[xxviii], 11-437, [1 errata] pp. Double-page map, a few woodcuts in text. (12mo) 16x9.5 cm (6¾x3¾") period full mottled calf, spine gilt, edges speckled red. First Edition.
Gabriel Daniel, historian and controversialist, (1649-1728). In 1683, Daniel was assigned to the professed house of Paris where his extraordinary talents resulted in his being appointed historiographer of France by Louis XIV. Later bookplate of Guyot de St. Michel. Manuscript leaf with a short biography of Daniel inserted at front.
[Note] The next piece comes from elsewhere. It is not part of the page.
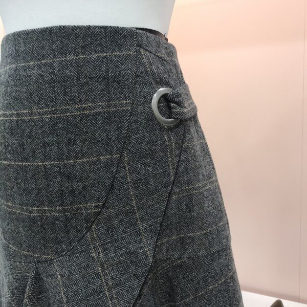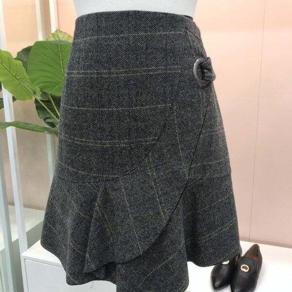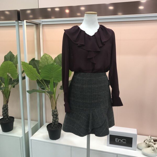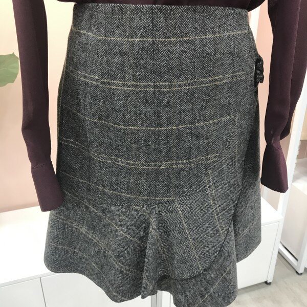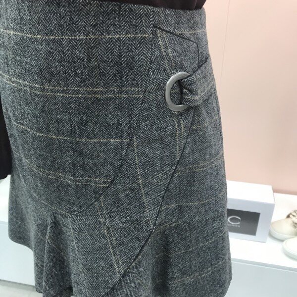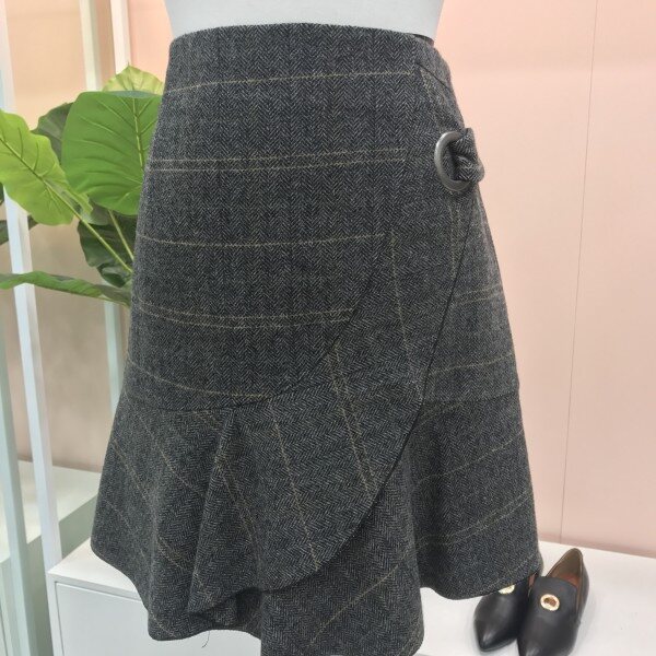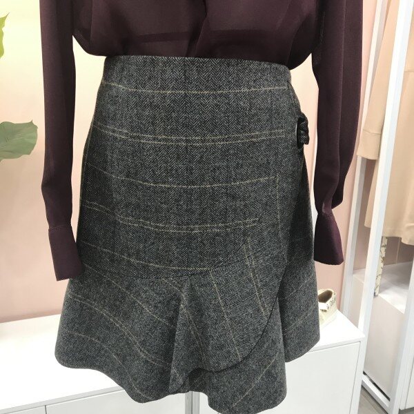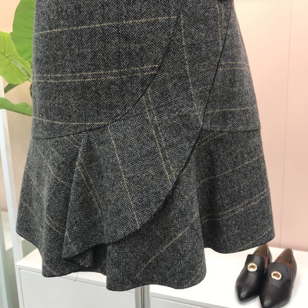 여성스럽고 예쁜 사랑스러운 헤링본 체크 울스커트예요.::러플이 한단 대어져있어 입체감있고 예쁘고 모직원단이라 따뜻하고 헤링본 체크 프린트가 고급스럽고 세련됨을 더해주어요.::^^ 자켓과 같이 매치해도 굿굿!!러플디테일이 너무 예쁜 이엔씨 스커트입니다.::^^

"The idea of the separation of soul from body, reflected in eighteenth-century 'trance' and 'ectasy' often went back to the Cartesian separation of 'mind' and 'matter.' On this theme Gabriel Daniel wrote a full-length cosmic voyage, as well known in England as it was in France.... Descartes, his disciple learned, was not dead, but separated from the matter he had separated from mind, dwelt aloft in an intellectual world of his own creation.... Descartes had reached the new sphere, by an 'Act of Will,' but since unfortunately the 'Will' of his disciple was less potent, he depended for motive power upon a peculiar kind of snuff... On went this disembodied spirit, gaily flying off to explore the indefinite Cartesian universe, after many adventures to arrive in outer space where he found M. Descartes still busily engaged in correcting the mistakes of the Almighty!" [Marjorie Nicolson, Voyages to the Moon.]